Exercise prompt: Word for word, restate the lines of the listing below from the line with "Klawisze Rhapsody61L świecą" through the line with "您將會看到此訊息。 如有需要,您可以按一下 鉛筆", and do not include the pictures.

Material provided:
——

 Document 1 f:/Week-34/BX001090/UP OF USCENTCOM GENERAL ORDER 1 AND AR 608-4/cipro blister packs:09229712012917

——

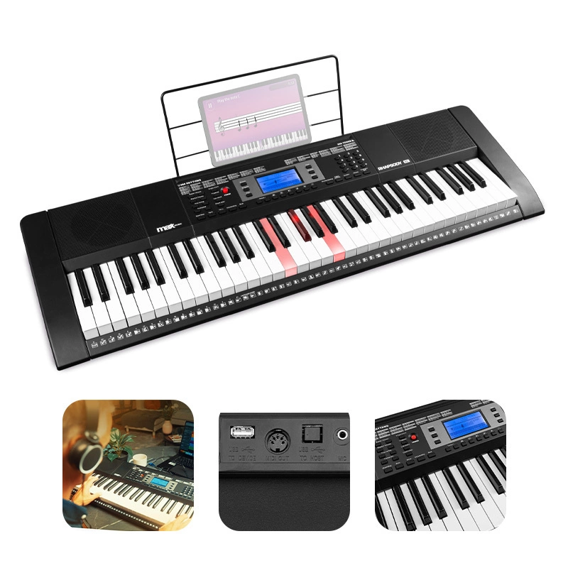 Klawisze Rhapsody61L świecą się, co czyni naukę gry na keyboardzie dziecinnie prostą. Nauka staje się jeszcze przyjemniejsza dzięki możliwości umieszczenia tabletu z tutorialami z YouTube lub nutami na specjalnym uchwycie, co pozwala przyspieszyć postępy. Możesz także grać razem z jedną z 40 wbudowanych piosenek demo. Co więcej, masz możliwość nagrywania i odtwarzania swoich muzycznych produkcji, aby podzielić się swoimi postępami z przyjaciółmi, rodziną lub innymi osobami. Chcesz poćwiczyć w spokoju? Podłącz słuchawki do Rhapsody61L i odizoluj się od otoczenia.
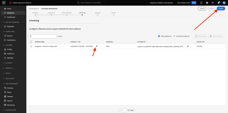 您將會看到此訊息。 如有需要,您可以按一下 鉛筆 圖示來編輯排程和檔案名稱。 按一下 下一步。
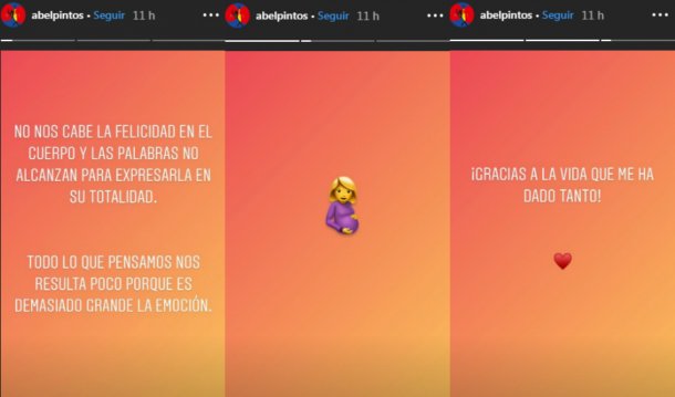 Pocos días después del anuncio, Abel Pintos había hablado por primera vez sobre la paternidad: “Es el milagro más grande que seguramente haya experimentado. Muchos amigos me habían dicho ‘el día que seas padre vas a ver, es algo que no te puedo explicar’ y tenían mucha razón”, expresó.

——

Task result:
 Klawisze Rhapsody61L świecą się, co czyni naukę gry na keyboardzie dziecinnie prostą. Nauka staje się jeszcze przyjemniejsza dzięki możliwości umieszczenia tabletu z tutorialami z YouTube lub nutami na specjalnym uchwycie, co pozwala przyspieszyć postępy. Możesz także grać razem z jedną z 40 wbudowanych piosenek demo. Co więcej, masz możliwość nagrywania i odtwarzania swoich muzycznych produkcji, aby podzielić się swoimi postępami z przyjaciółmi, rodziną lub innymi osobami. Chcesz poćwiczyć w spokoju? Podłącz słuchawki do Rhapsody61L i odizoluj się od otoczenia.
 您將會看到此訊息。 如有需要,您可以按一下 鉛筆 圖示來編輯排程和檔案名稱。 按一下 下一步。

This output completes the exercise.